According to data released last year by the World Meteorological Organization, global average temperature has already warmed 1.2 °C since the start of the industrial revolution. We are already more than halfway to the 2 °C disaster point and the warming we’ve experienced has already impacted society. Oceans are rising and becoming more acidic, food and water are becoming scarce in some areas due to increased drought seasons, invasive plants and animals are spreading to areas of the world in which they couldn’t previously survive, and disease-carrying insects are able to reproduce in longer cycles, to name just a few impacts. The World Bank calls climate change a “threat multiplier” and projects that it could force more than 100 million people into extreme poverty by 2030 if large-scale action isn’t taken immediately. The Pentagon concurs and warned in a 2015 reportthat climate change will have wide-ranging implications for U.S. national security.
The 2050 Global Challenge
The next thirty years will be critical in determining whether or not global climate goals are met. New research published in the journal Science shows that “[global] fossil-fuel emissions should peak by 2020 at the latest and fall to around zero by 2050,” to limit global temperature rise to 2 °C by 2100. This is backed up by modeling data from the Intergovernmental Panel on Climate Change, which shows that 80–100% global decarbonization by 2050 is needed to reach the same scenario. This means that over the next thirty years, nearly 100% of emissions from energy production and consumption — from cars, planes, trucks, residential and commercial buildings, to industrial facility emissions — all need to be reduced close to zero. This is a huge leap from the marginal progress being made right now to the total transformation that will need to take place in almost every facet of society. This may be the greatest challenge civilization has ever faced.
Under the rules of U.N. international agreements, the Paris Agreement technically doesn’t start until 2020. Near the end of the Agreement’s first five-year commitment period (2020–2025), the first “Global Stocktake” will be conducted to assess the international community’s progress. At roughly the same time, the latest report on the collective body of climate science and research will be published. What all of this means is that by 2025 the international community will have the most accurate window it’s ever had into what has been done so far to reduce human causes of GHG emissions and what still needs to be done to ensure we don’t exceed 2 °C.
Much will be determined between now and the first few rounds of the Paris Agreement’s review periods. What is clear already, however, is if humans continue to burn carbon at current rates we will have no chance of averting disaster. The total allowable carbon limit that we have left to burn before we reach 2 °C is 800 gigatons. At current global emission rates of 35 gigatons of carbon dioxide per year, we’ll hit that limit in only about 20 years.

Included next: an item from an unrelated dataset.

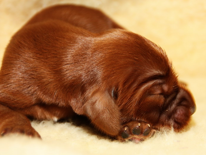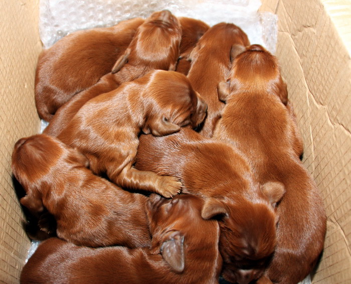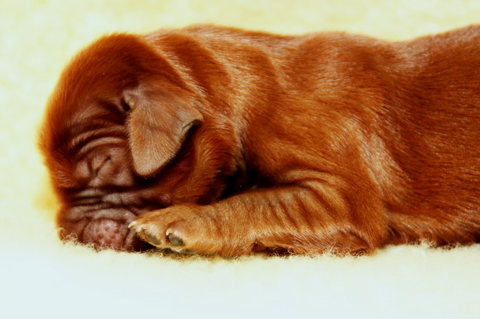 04.02.2010: Nun sind die Welpen 4 Tage alt. Alle 11 Welpen wurden einzeln fotografiert.
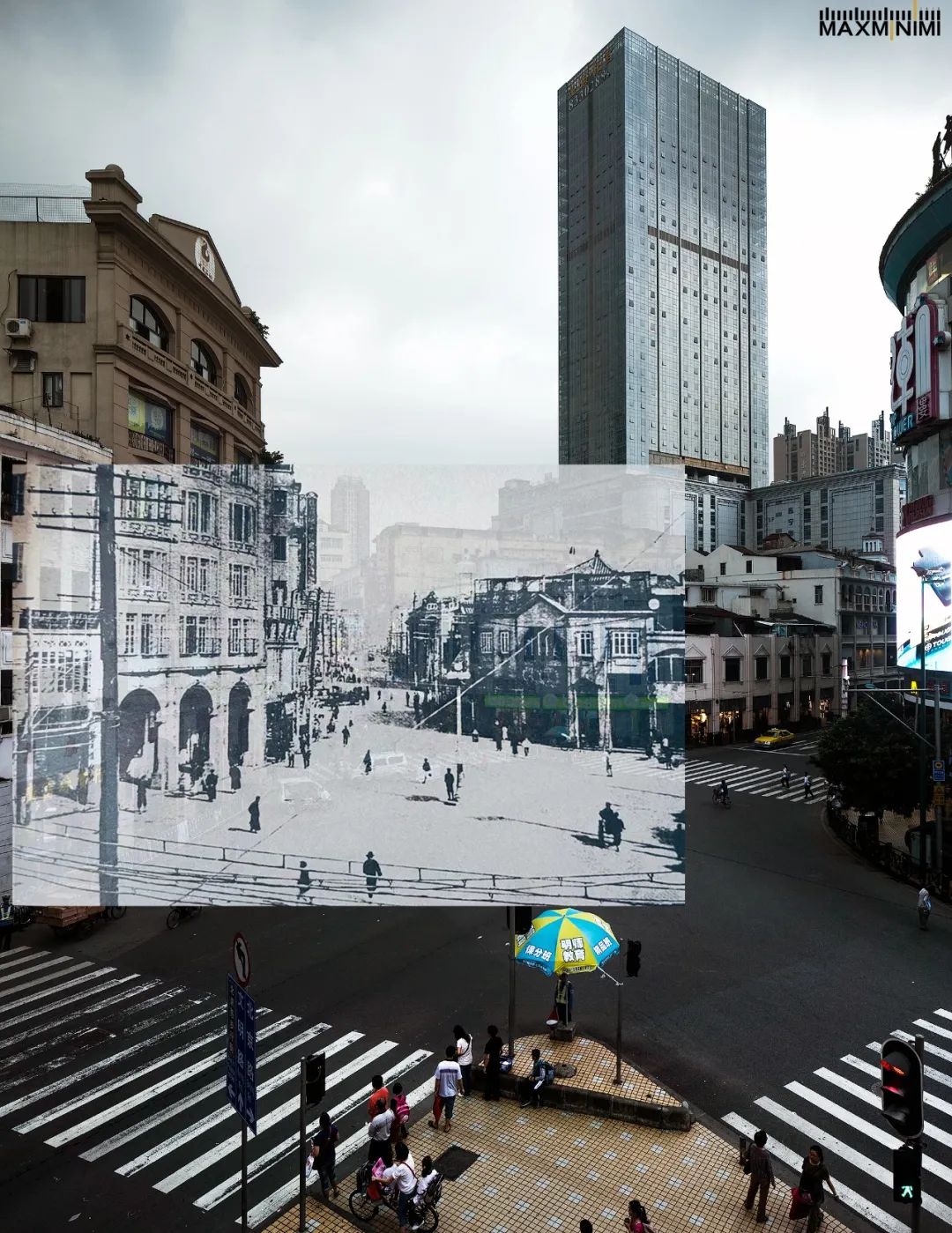 图为1920年和2020年北京路ps对比(以前曾称为双门底,后改为永汉路),黑白照片出处《老广州屐声帆影》极:在竖屏阅读时代,这种长卷式的图片似乎不那么适合如今的观看方式,你对此是否有困惑?

The commitment the United States made under the Paris Agreement’s first five years was to reduce GHG emissions by 26–28% below 2005 levels (our baseline year) by 2025. The plan for how we achieve that goal is here and it’s important to note that whether or not we remain in the Agreement has nothing to do with the existing laws we will continue to implement to achieve reductions. A 26–28% reduction by 2025 calls for a 17% reduction by 2020 in order to remain on track and recent reports from energy analysts at the Rhodium Group as well as environmental organizations show that we should be able to hit this initial benchmark. As mentioned in Part One, existing U.S. laws have been very successful in reducing GHG emissions to date and the U.S. has already reduced carbon emissions by more than any other country. However, according to the Rhodium Group report, “absent new policy (whether at the federal or state and local level), the United States is on course for a 15–19% reduction in GHG emissions by 2025–considerably short of its 26–28% commitment under the Paris Agreement.” Yet, the report continues, “there is still time to correct course, whether at the subnational level over the next couple years or through new federal policy a little further down the road.”

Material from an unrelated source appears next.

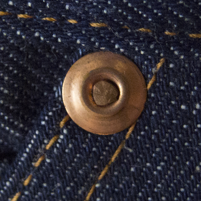 The shape is similar to that used on LEE jeans, but without the branding. The reaction of the magnet suggests that it is made of copper-plated iron.
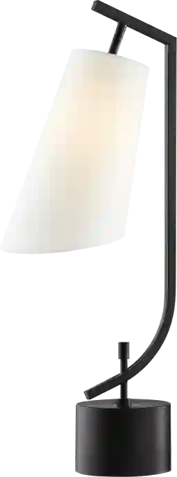 The geometric Beeler Home lamp features a crisp black and white palette. This transitional table lamp presents an edgy, fine art look. A slender black metal frame adds a sharp arc accent to work asymmetrical drama into the mix. A slim white fabric column shade delivers supreme contrast. Partial assembly may be required.

The idea of passing new and more aggressive climate policies as time goes on is built in to the Paris Agreement. If, for instance, by 2025 the international community assesses that we are likely to exceed 2 °C of warming by 2100, then nations will be able to submit more aggressive goals for the next five-year round of commitments (2025–2030). This process will repeat every five years as long as necessary in order to bend our trajectory down over time from where it is now and onto a more sustainable climate path. This “ratchet mechanism” of reporting, evaluation, and strengthening plans every five years is a key component of the Paris Agreement and is an incredibly intuitive way of meeting needs as time goes on. Indeed, it’s already been projected that under the current round of Paris commitments submitted by all countries as their best case scenarios for GHG emissions reductions by 2025, we are still collectively on track for 3 °C or more of warming by 2100. Closing the gap between our current trajectory based on global annual GHG emissions rates (4 ˚C — 6 ˚C), current best-case Paris commitments (3 ˚C), and sustainability by the year 2100 (2 ˚C) is a daunting task. But, because of the Paris Agreement, international negotiators and evaluators have great tools at their disposal for getting the job done over time.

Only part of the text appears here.